UNITED STATES

SECURITIES AND EXCHANGE COMMISSION

Washington, D.C. 20549

 

 

FORM 6-K

 

 

REPORT OF FOREIGN PRIVATE ISSUER

PURSUANT TO RULE 13a-16 or 15d-16

UNDER THE SECURITIES EXCHANGE ACT OF 1934

For the month of December, 2016

001-35878

(Commission File Number)

 

 

Intelsat S.A.

(Translation of registrant’s name into English)

 

 

4 rue Albert Borschette

Luxembourg

Grand-Duchy of Luxembourg

L-1246

(Address of principal executive offices)

 

 

Indicate by check mark whether the registrant files or will file annual reports under cover Form 20-F or Form 40-F.

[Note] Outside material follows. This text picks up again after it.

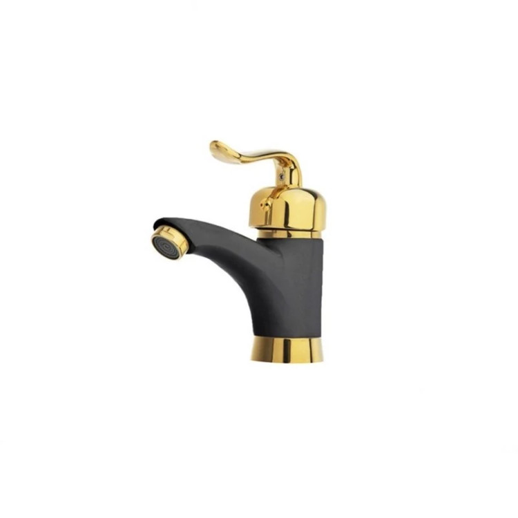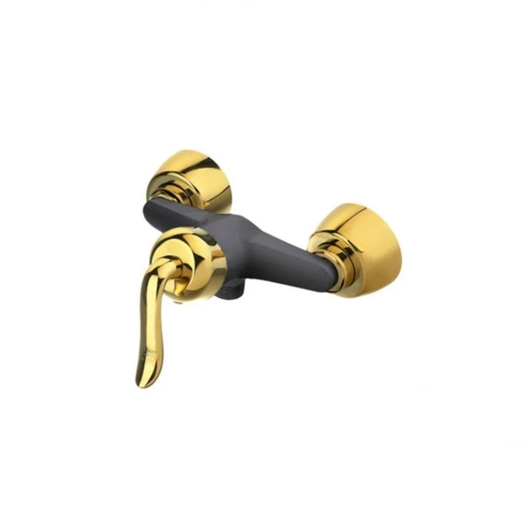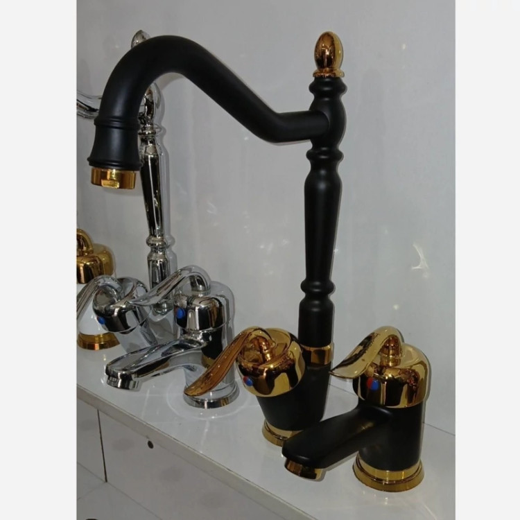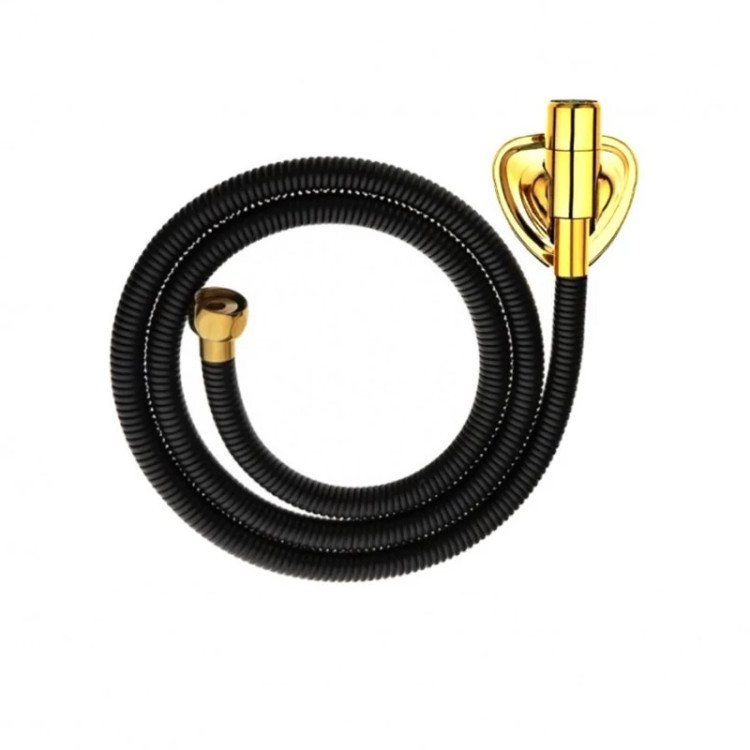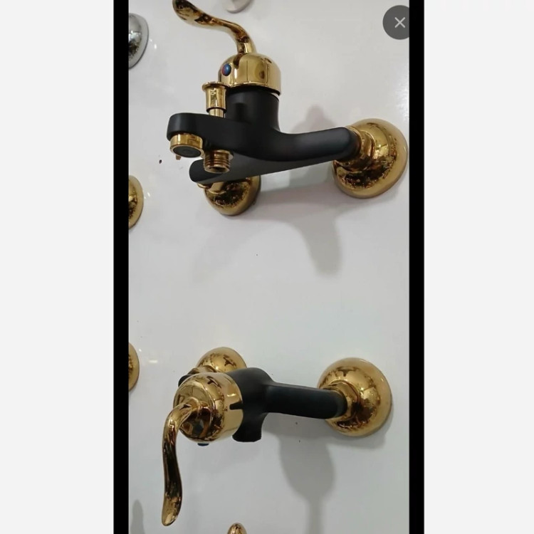 ست 6 عددی شیرآلات قاجاری مشکی طلایی با علم دوش دوکاره و شیلنگ توالت

Form 20-F  ☒                Form 40-F  ☐

Indicate by check mark if the registrant is submitting the Form 6-K in paper as permitted by Regulation S-T Rule 101(b)(1):  ☐

Indicate by check mark if the registrant is submitting the Form 6-K in paper as permitted by Regulation S-T Rule 101(b)(7):  ☐

 

 

 


Entry Into Support Agreement

On December 5, 2016, Intelsat S.A. (the “Company” or “Intelsat”), the Company’s wholly-owned subsidiary, Intelsat (Luxembourg) S.A. (“Intelsat Luxembourg”), and Intelsat Luxembourg’s newly-created subsidiary, Intelsat Connect Finance S.A. (“ICF”), executed a support and exchange agreement (the “Additional Support Agreement”) with certain investment funds unaffiliated with Intelsat (each, an “Additional Noteholder Party” and collectively, the “Additional Noteholder Parties”) holding, or serving as investment advisor for holders of, 6-3/4% Senior Notes due 2018 (the “Lux 2018 Notes”), 7-3/4% Senior Notes due 2021 (the “Lux 2021 Notes”), or 8-1/8% Senior Notes due 2023 (the “Lux 2023 Notes” and together with the 2018 Notes and the 2021 Notes, the “Lux Notes”) issued by Intelsat Luxembourg. The Additional Support Agreement is separate from the support agreement dated December 2, 2016 announced by the Company in a prior report on Form 6-K (the “Prior Support Agreement”).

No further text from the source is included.